EXERCISE OBJECTIVE — Would you repeat exactly the part of the listing below that runs from the line containing "最后,刘珈雯同学向大家讲解了" down to the line containing "CUCCOO BIZCHIC Women's", inclusive, and nothing else?

** DATA RECORDS follows **

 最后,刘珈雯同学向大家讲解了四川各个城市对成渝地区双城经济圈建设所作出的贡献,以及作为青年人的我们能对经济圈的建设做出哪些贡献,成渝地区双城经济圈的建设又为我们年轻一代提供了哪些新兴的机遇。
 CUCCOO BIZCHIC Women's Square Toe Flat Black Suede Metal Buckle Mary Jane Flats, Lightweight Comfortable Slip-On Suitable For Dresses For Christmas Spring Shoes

** End of DATA RECORDS **
** DATA RECORDS follows **

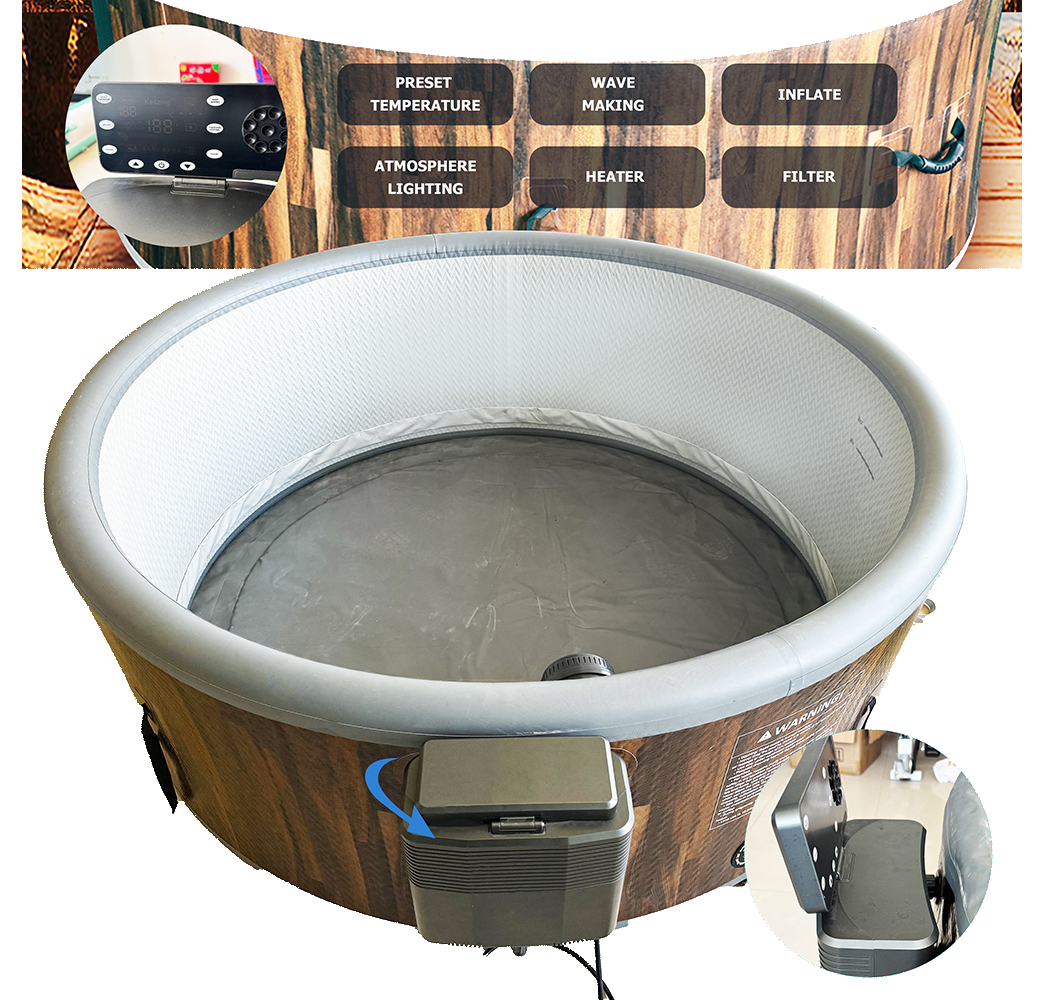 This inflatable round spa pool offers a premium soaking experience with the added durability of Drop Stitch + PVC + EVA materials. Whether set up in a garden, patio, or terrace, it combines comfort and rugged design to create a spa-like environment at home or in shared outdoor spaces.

** End of DATA RECORDS **

TASK SOLUTION —
 最后,刘珈雯同学向大家讲解了四川各个城市对成渝地区双城经济圈建设所作出的贡献,以及作为青年人的我们能对经济圈的建设做出哪些贡献,成渝地区双城经济圈的建设又为我们年轻一代提供了哪些新兴的机遇。
 CUCCOO BIZCHIC Women's Square Toe Flat Black Suede Metal Buckle Mary Jane Flats, Lightweight Comfortable Slip-On Suitable For Dresses For Christmas Spring Shoes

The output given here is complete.